> _TASK INSTRUCTIONS_
From the entries below, retype only the lines from the one with "Over the year, the" through the one with "Housing more than", exactly as written.

> _DATASET EXCERPTS_

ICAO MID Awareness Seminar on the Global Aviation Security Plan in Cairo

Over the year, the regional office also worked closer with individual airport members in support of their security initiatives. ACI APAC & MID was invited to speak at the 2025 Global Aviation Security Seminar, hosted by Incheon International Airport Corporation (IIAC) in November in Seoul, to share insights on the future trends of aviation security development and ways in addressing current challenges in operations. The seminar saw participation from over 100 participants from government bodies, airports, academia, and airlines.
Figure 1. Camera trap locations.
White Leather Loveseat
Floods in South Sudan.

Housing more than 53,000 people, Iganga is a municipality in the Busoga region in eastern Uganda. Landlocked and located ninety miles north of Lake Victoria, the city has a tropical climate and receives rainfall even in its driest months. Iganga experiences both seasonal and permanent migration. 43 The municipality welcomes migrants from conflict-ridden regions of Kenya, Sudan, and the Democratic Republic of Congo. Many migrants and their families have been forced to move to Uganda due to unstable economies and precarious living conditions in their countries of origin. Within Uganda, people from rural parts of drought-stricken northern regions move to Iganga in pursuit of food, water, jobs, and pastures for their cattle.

* * *

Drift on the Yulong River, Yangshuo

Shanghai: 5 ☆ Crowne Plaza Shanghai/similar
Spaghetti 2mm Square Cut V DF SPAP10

--

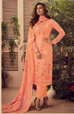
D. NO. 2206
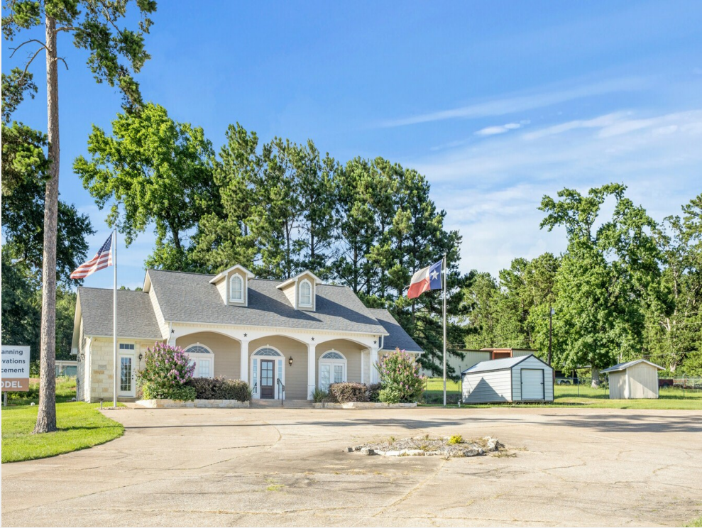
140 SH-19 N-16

> _TASK ANSWER_
Over the year, the regional office also worked closer with individual airport members in support of their security initiatives. ACI APAC & MID was invited to speak at the 2025 Global Aviation Security Seminar, hosted by Incheon International Airport Corporation (IIAC) in November in Seoul, to share insights on the future trends of aviation security development and ways in addressing current challenges in operations. The seminar saw participation from over 100 participants from government bodies, airports, academia, and airlines.
Figure 1. Camera trap locations.
White Leather Loveseat
Floods in South Sudan.

Housing more than 53,000 people, Iganga is a municipality in the Busoga region in eastern Uganda. Landlocked and located ninety miles north of Lake Victoria, the city has a tropical climate and receives rainfall even in its driest months. Iganga experiences both seasonal and permanent migration. 43 The municipality welcomes migrants from conflict-ridden regions of Kenya, Sudan, and the Democratic Republic of Congo. Many migrants and their families have been forced to move to Uganda due to unstable economies and precarious living conditions in their countries of origin. Within Uganda, people from rural parts of drought-stricken northern regions move to Iganga in pursuit of food, water, jobs, and pastures for their cattle.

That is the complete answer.